Lors du sommet sur l'intelligence artificielle qui s'est tenu à New Delhi, 86 nations, incluant les États-Unis et la Chine, ont signé une déclaration soulignant l'importance d'une IA "sûre, digne de confiance et robuste". Cette initiative vise à instaurer la confiance et à maximiser les retombées sociales et économiques de cette technologie émergente.
Malgré l'enthousiasme, le texte se limite à des engagements volontaires sans mesures contraignantes, se concentrant sur la solidarité internationale dans la recherche en IA. En effet, comme l'affirme le document, "le véritable potentiel de l'IA ne se réalise que lorsque ses bénéfices sont partagés par toute l'humanité".
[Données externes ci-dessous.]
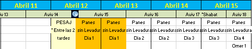 Les comparto un print screen de un calendario que hice para entender como se cuentan los días en Aviv (desde que se vio la Luna nueva en Israel y previamente la cebada madura) para llegar a Pesaj y Panes sin Levadura (Jag HaMatzot).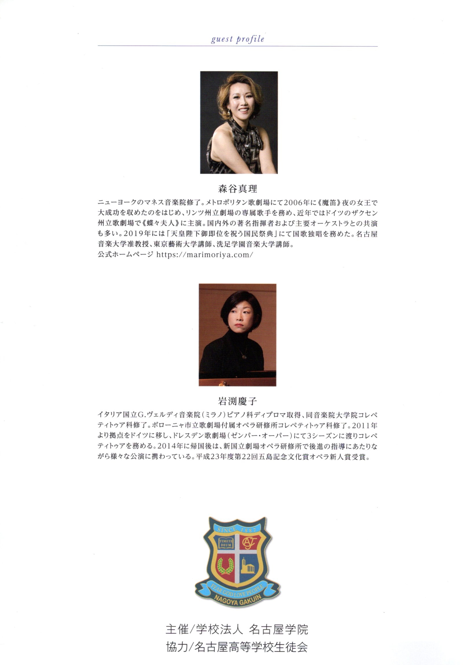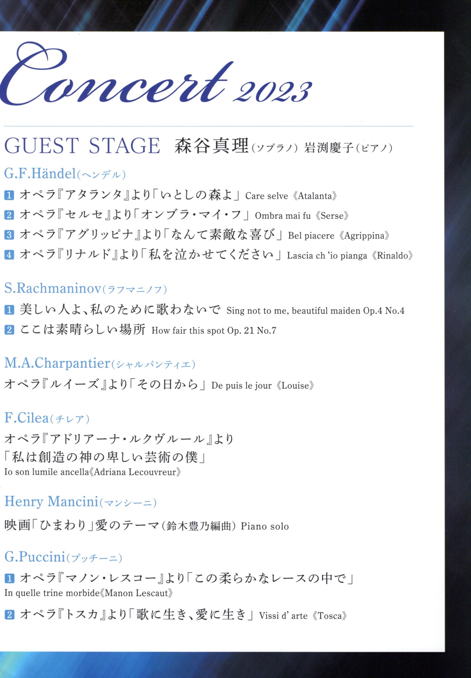 第二部はゲストにソプラノ歌手の森谷真理さん、ピアノの岩渕慶子さんをお迎えしての演奏をお聴き頂けます。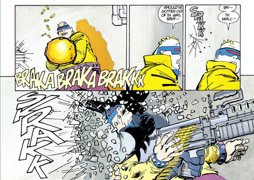 Of course, the influences extend beyond even Frank Miller’s Daredevil run. There are visual influences from other Daredevil comics; Matt’s daring mid-air rescue of Claire Temple at the start of .380 was practically storyboarded by Ed Brubaker and Michael Lark in Daredevil #98. There are Frank Miller influences beyond Daredevil; when Elektra is pulled through a wall in A Cold Day in Hell’s Kitchen, it evokes a similar sequence in The Dark Knight Returns #2. The Dark at the End of the Tunnel even has Frank Castle recreate the cover to Punisher MAX #1.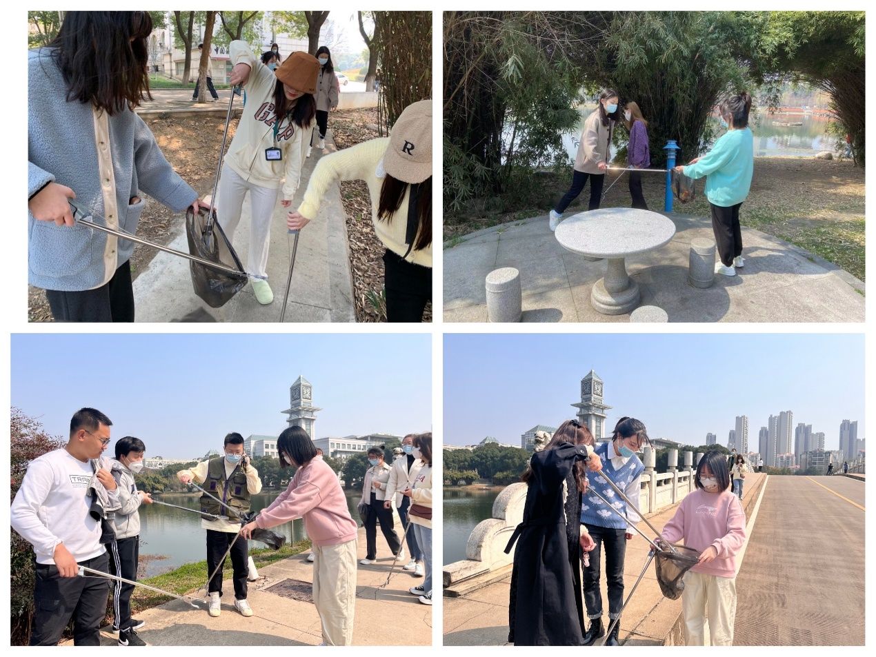 在本次活动中,我院主要负责第25号区域的卫生清洁工作。在集合领完物资之后,联络服务部将参与者分为两个小组对晓南湖畔进行了垃圾拾捡工作,展现了我院学生热心服务,积极向上的良好状态。两个小组分别负责晓南湖的湖东和湖西两片区域,活动开始一个小组从九孔桥出发对晓南湖西侧附近区域进行拾捡,另一小组从文波楼出发沿着修身路对滨湖宿舍附近展开了清扫工作。在对这些区域卫生清扫的过程中,同学们对堆积大量烟头和食品包装袋的卫生死角,以及人流量较大的宿舍楼前和食堂超市门口进行重点清理。此外,还将负责区域内的自行车进行规整。由此,该区域的卫生环境获得了较好的改善。最后,清扫任务完成后,同学们在集合点集中,并以合影留念结束了本次的实践活动。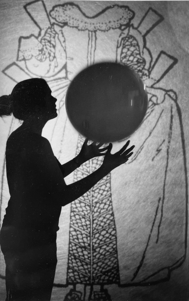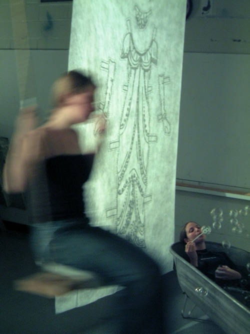 projections on scrims, rubber ball, wooden stool, hairbrush, swing, metal tub, soap bubbles, and spoken word

La publication de cette déclaration, initialement prévue vendredi, a été retardée pour garantir la participation de plus de 80 signataires, selon Ashwini Vaishnaw, ministre indien des Technologies de l'information.
L'opinion de Stuart Russell, un chercheur de renom en informatique, met en lumière l'importance de ces engagements, même s'ils ne sont pas encore contraignants. "Il est crucial que les pays exploitent ces accords pour ériger des législations capables de protéger leurs citoyens", a-t-il déclaré. Il a également souligné la nécessité de mesures de sécurité face aux dangers de cette innovation, tels que les pandémies ou la désinformation.
La question de l'emploi a également été mise en avant, le texte appelant à des initiatives de reconversion pour aider les travailleurs à naviguer dans un avenir façonné par l'IA. "Développer des systèmes d'IA économes en énergie est également primordial", a ajouté la déclaration, pointant du doigt la consommation électrique élevée des centres de données.
Des délégués de nombreux pays ont été présents pour discuter des régulations potentielles de l'IA. Bien que les précédents sommets n'aient pas abouti à des résultats concrets, ceux-ci ont permis de soulever des questions fondamentales sur l'éthique et la gestion de cette technologie.
Le Premier ministre indien Narendra Modi a partagé la scène avec Emmanuel Macron, le secrétaire général de l'ONU Antonio Guterres, ainsi que des figures de proue du secteur technologique comme Sam Altman d'OpenAI. Parmi les problématiques débattues figuraient les bénéfices sociétaux de l'IA, les menaces pour l'emploi et la consommation massive d'énergie des infrastructures technologiques.
Durant les discussions, deux visions opposées ont émergé : alors qu'Antonio Guterres a proposé la mise en place d'une commission chargée de garantir un contrôle humain sur l'IA, les États-Unis, par l'intermédiaire de Michael Kratsios, ont rejeté toute idée de gouvernance mondiale en la matière.
Sam Altman a plaidé pour une régulation immédiate, suggérant la nécessité d'une organisation internationale similaire à l'AIEA pour l'énergie atomique, afin de coordonner les efforts globaux sur l'IA.
Ce sommet, le plus important à ce jour avec une participation massive, sera suivi d'un rendez-vous à Genève prévu pour 2027, marquant une étape cruciale dans la gestion mondiale de l'intelligence artificielle.